Following receipt of the appellant’s claim, the respondent’s solicitors arranged for the appellant to be examined orthopaedic surgeon, Associate Professor Paul Miniter on 26 February 2024. In a report dated 4 April 2024, Associate Professor Miniter advised that the appellant’s condition had not stabilised and had not reached maximum medical improvement. The respondent’s solicitors had asked Associate Professor Miniter to conduct an assessment of the appellant’s permanent impairment if Associate Professor Miniter was of the view the appellant had reached maximum medical improvement. As a consequence of his having not formed that opinion, Associate Professor Miniter consequently did not assess the degree of the appellant’s permanent impairment.
On 23 April 2024 the respondent’s insurer wrote to the appellant in response to his claim for compensation for permanent impairment advising him that based on the report of Associate Professor Miniter dated 4 April 2024 it considered that the degree of his permanent impairment resulting from his injury was not currently capable of assessment.
This prompted the appellant to file with the Personal Injury Commission (Commission) an Application to Resolve a Dispute dated 18 June 2024 by which he sought the Commission determine his claim for compensation for permanent impairment. On 11 July 2024 a delegate of the President of the Commission issued a referral to the Medical Assessor to assess the medical disputes between the parties relating to the appellant’s claim for compensation for permanent impairment from his injury.
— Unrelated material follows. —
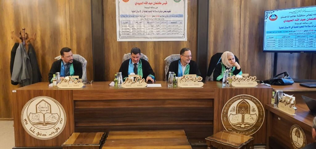 ضمن النشاطات العلمية لتدريسي كليتنا شارك كل من الأستاذ الدكتورة سمية خلف بدوي والدكتور طه محمد تقي التدريسيان في قسم علوم الأغذية في كليتنا في مناقشة اطروحة الدكتوراه الموسومة (التأثيرات الفسلجية لبكتريا حامض اللاكتيك والسلينيوم النانوي على السمية المحدثة لرابع خلات الرصاص في ذكور الجرذان البالغة) للباحث في قسم علوم الأغذية في كلية الزراعة جامعة تكريت (ياسين حسن عليوي).

The Medical Assessor examined the appellant on 7 August 2024 to conduct that assessment. As said, he issued the MAC on 4 September 2024 in response to the referral. In that, at Part 8c, the Medical Assessor said that the appellant’s “right shoulder has not yet reached maximum medical improvement”. The Medical Assessor said at Part 9 that the appellant “right shoulder continues to be high symptomatic and has not yet recovered sufficiently, following the more recent plating surgery required to manage the periprosthetic fracture he sustained after his total reverse shoulder replacement procedure was undertaken”.
The only findings the Medical Assessor recorded from his examination of the appellant
were that “the appellant had a heavy stature weighing 120 kilograms for his height of 180 centimetres”.It is apparent from the MAC that the Medical Assessor considered that the appellant’s permanent impairment from his injury was not fully ascertainable as a consequence of his conclusion that the appellant had not attained maximum medical improvement. Further, it also apparent that as consequence of his concluding that, he declined to make an assessment of the degree of the appellant’s permanent impairment from his injury.
PRELIMINARY REVIEW
The Appeal Panel conducted a preliminary review of the original medical assessment in the absence of the parties and in accordance with the Procedural Direction PIC7.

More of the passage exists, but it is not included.